= Table Cricket =

Tabletop game

Table cricket can refer to

- An indoor miniature version of cricket played on a large table top, designed for physically challenged cricketers
- A recreational tabletop game from the 1960s, popular in the United Kingdom and the Indian subcontinent, presently enjoying a return to popularity

==The indoor game==

The indoor game was designed to provide cricketers with severe physical or learning disabilities an opportunity to play cricket. However, the game can be played by people of all ages and ability levels. It was developed by Doug Williamson via Project Adapted at Nottingham Trent University in 1992.

===Goals===
Table cricket is an indoor team game, and has similar goals with regards to cricket. Two six-member teams compete against each other, with the objective being to score more runs.

===Set up===
The game is played on top of a table tennis board, or a surface of similar dimensions. At one end of the board is a spring loading bowling machine, at the other end the batsman wields a miniature wooden bat. The other two sides of the table are panelled off, with the option of placing symbolic fielders on the sides.

===Rules===
Each individual innings lasts for a maximum of two overs. Batsmen can get out in six different ways, including being bowled out, or being "caught out" by hitting the ball near the symbolic fielders.

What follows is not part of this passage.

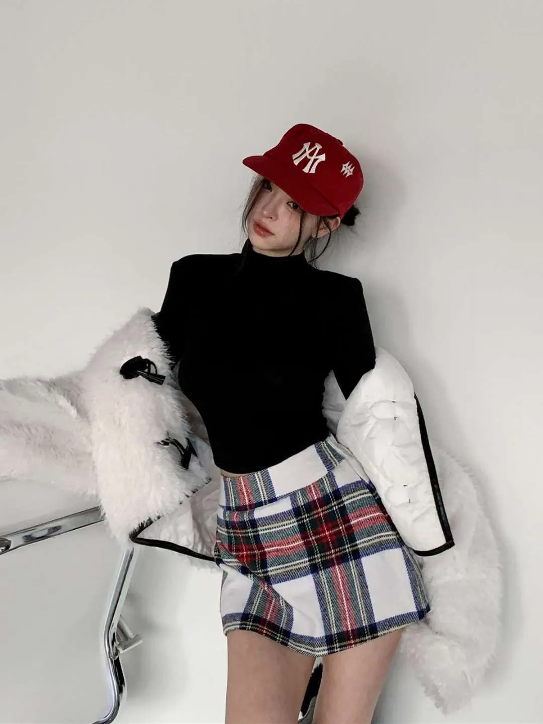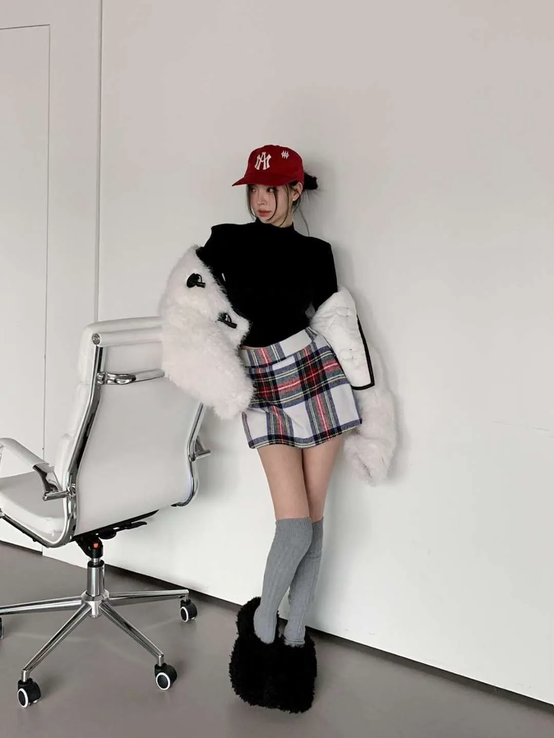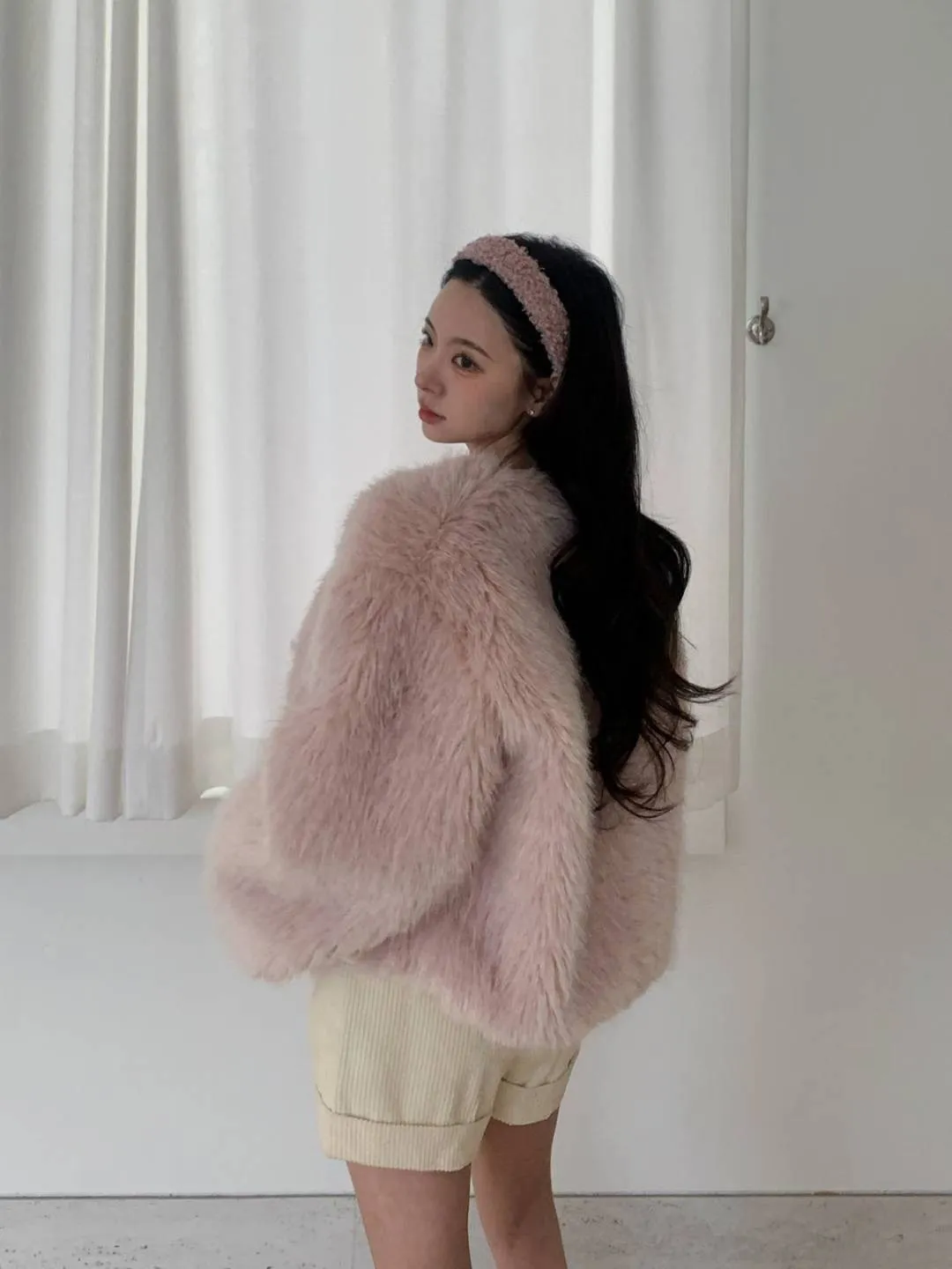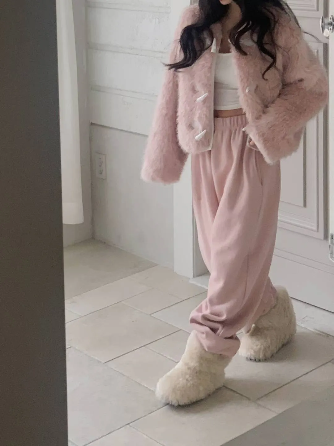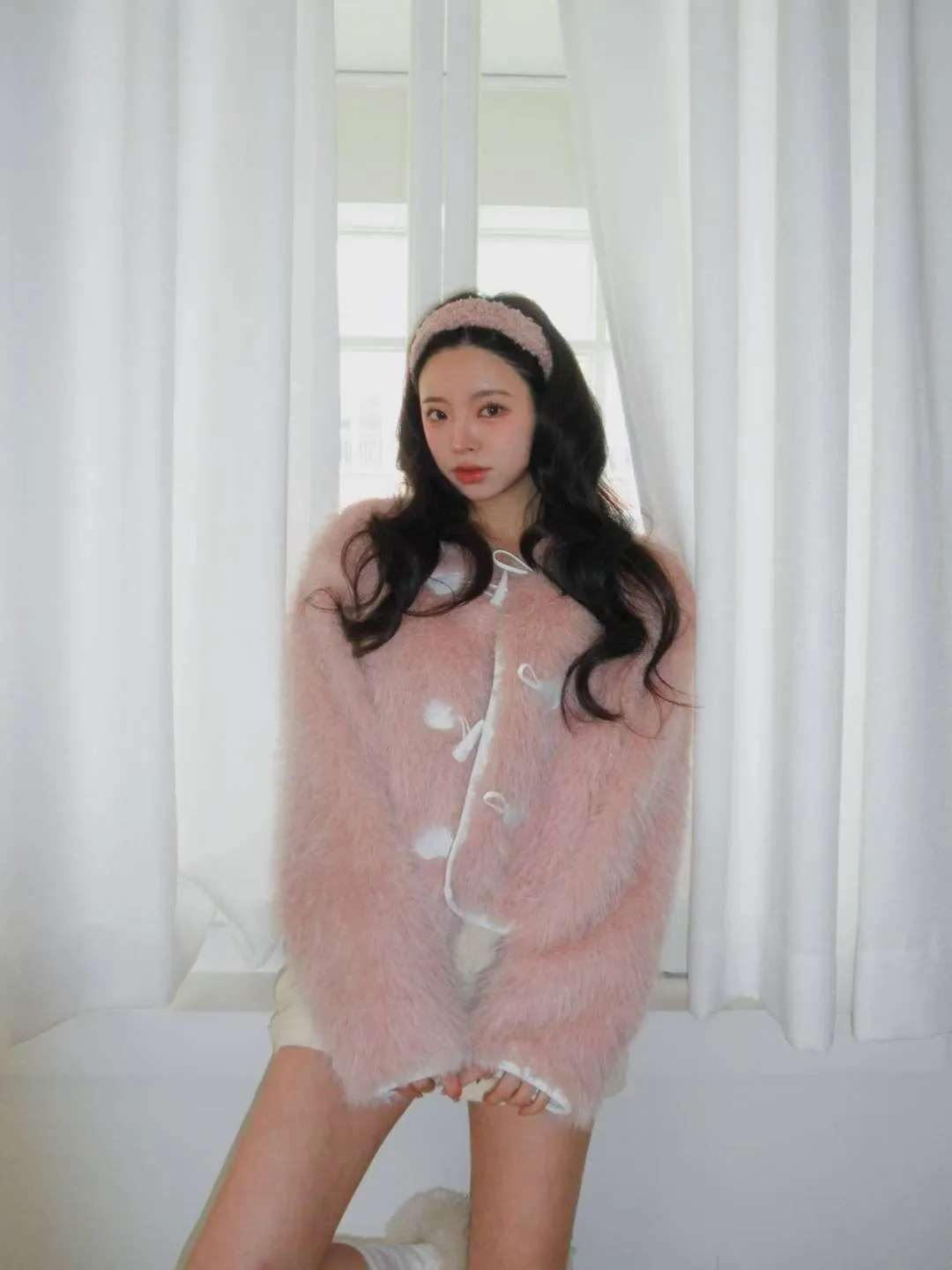 25LA05 長毛毛菱紋夾棉牛角扣外套 2色
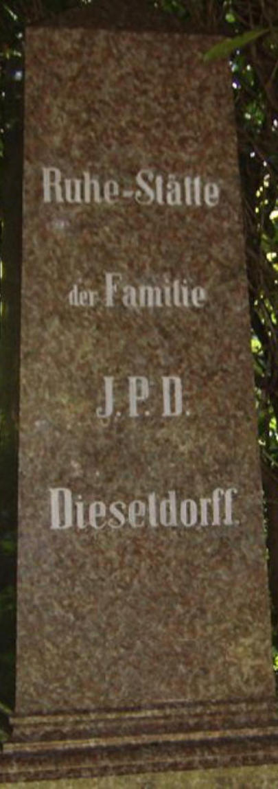 Ruhestätte der Familie DIESELDORFF,seit 150 Jahren gegenüber “Kapelle 1” und direkt am Gründungsort des “Friedhof Hamburg-Ohlsdorf”, größter (4 x 2,5 km) und sicherlich schönster Friedhofspark der Welt .Riesenpark, mitten in der grünen Stadt Hamburg.

Runs are scored by hitting the ball into designated side panel areas for 2, 4 or 6 (maximum) runs. Wide balls are penalized with 4 runs to the batting team.

===Infrastructure===

The indoor game is played in England, Australia and South Africa. The England and Wales Cricket Board presides over an annual national tournament funded and organized by the charity Lord's Taverners - the Lord's Taverners National Table Cricket Competition, based on 10 regional tournaments, with the final being played at the Indoor Cricket School, Lord's Cricket Ground. The 2006 finals were attended by the Indian cricket star Sachin Tendulkar.

==The recreational table top game==

The recreational table top cricket game was made popular by a British table top game manufacturer
Subbuteo from the 1960s, which has inspired numerous versions and clones over the years. The goals of the game are the same as that of cricket. It was developed by the table top game entrepreneur Peter Adolph, being marketed as early as 1949.

===Equipment===

The batsman and bowler are spring loading equipment where the direction and speed of the ball, power, timing and positioning of the batsman's shot can be controlled. The ball is a small metal ball-bearing. The playing field is typically a large green sheet or carpet of cloth which is laid out on the table, and on which the game is played. The playing field has demarcations for the pitch, as well as zones of 1,2,3 and 4 runs. 10 fielders - besides the bowler - with ball-channeling mouths at the base of the miniature statuettes can be placed on the field.

===Rules===

The bowler pre-sets the location of the bowling mechanism at the edge of the pitch. The bowler loads the ball onto the release mechanism (spring or gravity controlled), whereupon the ball rolls towards the batsman. The batsman has to pre-set the angle of the face of the bat shown, and the location of the batting mechanism. He controls the power and timing of the shot in real time. After hitting the bat, the ball may roll and rest in one of the marked run zones on the playing carpet (in which case the batsman obtains runs), or be channelled into the base of a fielder's statuette (in which case the batsman is deemed out caught). The batsman could also be out bowled (inc. played on) or hit wicket. Wides and byes may also be scored.